The Erie people (also Eriechronon, Riquéronon, Erielhonan, Eriez, Nation du Chat) were Indigenous people historically living on the south shore of Lake Erie. An Iroquoian group, they lived in what is now western New York, northwestern Pennsylvania, and northern Ohio before 1658. Their nation was decimated in the mid-17th century by five years of prolonged warfare with the powerful neighboring Iroquois for helping the Huron in the Beaver Wars for control of the fur trade.
 
Their villages were burned as a lesson to those who dared oppose the Iroquois. This destroyed their stored maize and other foods, added to their loss of life, and threatened their future, as they had no way to survive the winter. The attacks likely forced their emigration. The Iroquois League was known for adopting captives and refugees into their tribes. The surviving Erie are believed to have been largely absorbed by other Iroquoian tribes, particularly families of the Seneca, the westernmost of the Five Nations.  Susquehannock families may also have adopted some Erie, as the tribes had shared the hunting grounds of the Allegheny Plateau and Amerindian paths that passed through the gaps of the Allegheny. The members of remnant tribes living among the Iroquois gradually assimilated to the majority cultures, losing their independent tribal identities.

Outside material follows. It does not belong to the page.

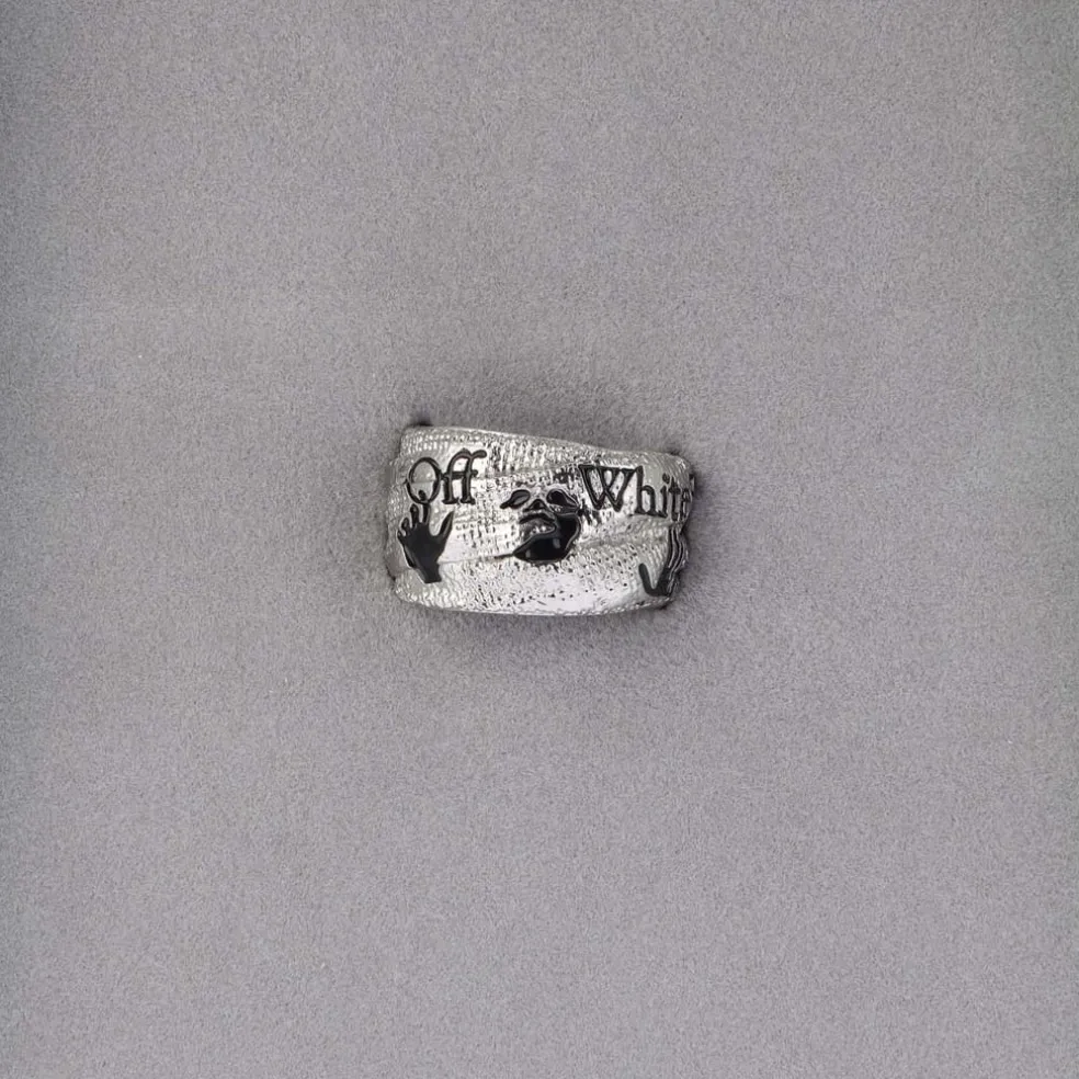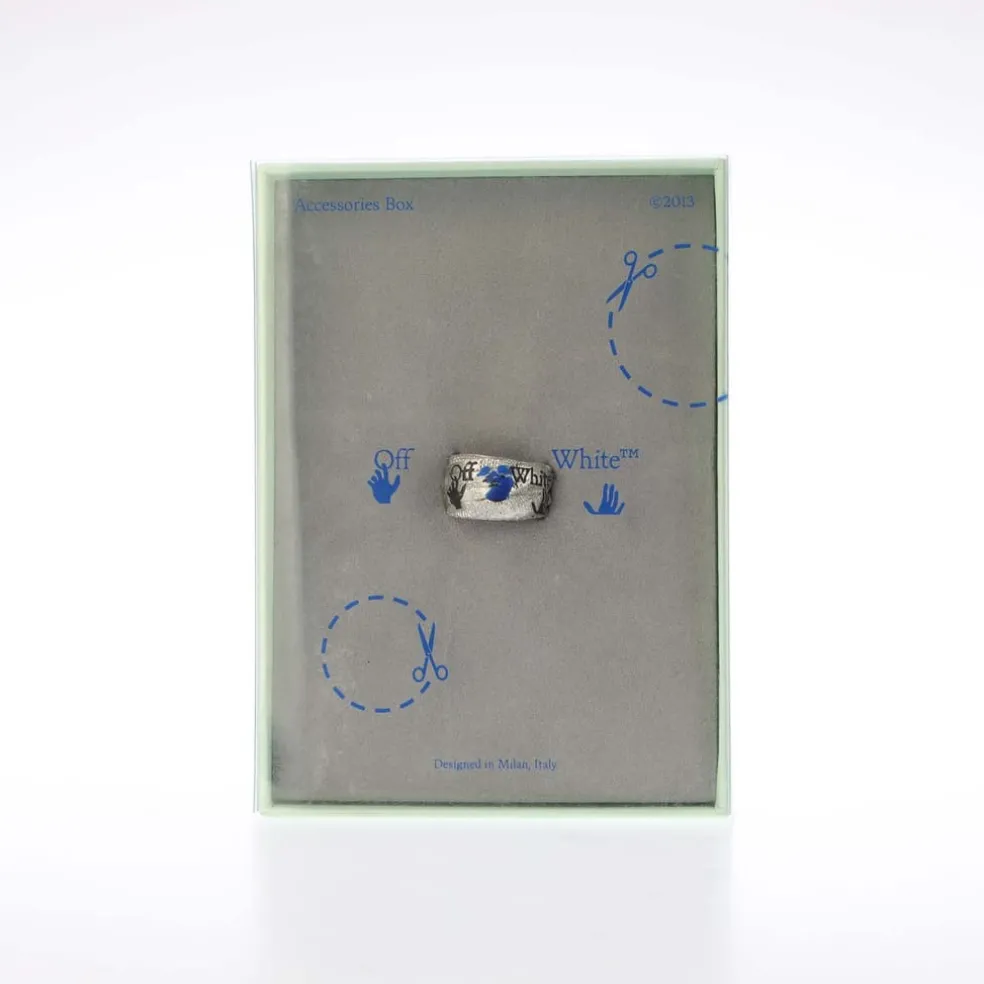 – Silver-tone ring featuring signature swimming man and Off-White branding.
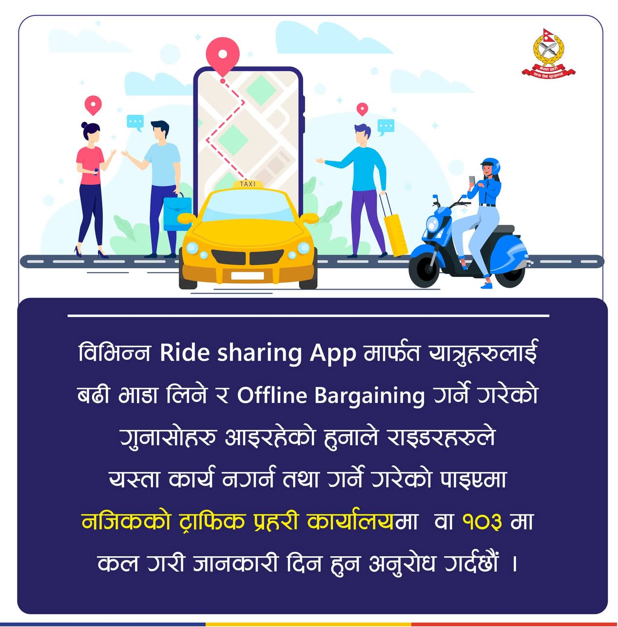 “कृपया एपमा देखिएको भाडा बमोजिम मात्र लिइयोस्। एपबाहिर बार्गेनिङ नगर्नुहोस्। यदि यस्तो कार्य गरेको भेटिएमा आवश्यक कारबाही गरिनेछ।”

The Erie were also called the Chat ("Cat" in French) or "Long Tail" (referring, possibly, to the raccoon tails worn on clothing). Like other Iroquoian peoples, they lived in multifamily long houses in villages enclosed in palisades. These defensive works often encompassed their fields for crops. They cultivated the "Three Sisters": varieties of corn, beans, and squash, during the warm season. In winter, tribal members lived off the stored crops and animals taken in hunts.

Language
The Erie spoke the Erie language, an unattested Iroquoian language said to have been similar to Wyandot.

Territory 
The known boundaries of Erie lands extended from the Allegheny River to the shores of Lake Erie. They were once believed, due to a misidentification of villages by early French explorers mapping the Great Lakes, to control all the land from northwestern Pennsylvania to about Sandusky, Ohio, but archaeologists have now attributed the western half of that to a whole other culture referred to as the Whittlesey's, who were likely an Algonquian people.  A site assumed to have been Erie at Conneaut, Ohio was later reattributed to the Whittlesey, who surrounded their villages with earthen mounds instead of wooden palisades but were also living in Longhouses, rather than wigwams, by the time of European Contact. However, a second village on the east side of the river likely had been an Erie settlement.  Another Erie settlement was discovered in Windsor, Ohio, at the southwestern corner of Ashtabula County, which is two river valleys further west than the sites at Conneaut.  No significant settlement remains from prior to the Beaver Wars was ever documented in Trumbull or Mahoning Counties, leaving the exact border between the two peoples in question.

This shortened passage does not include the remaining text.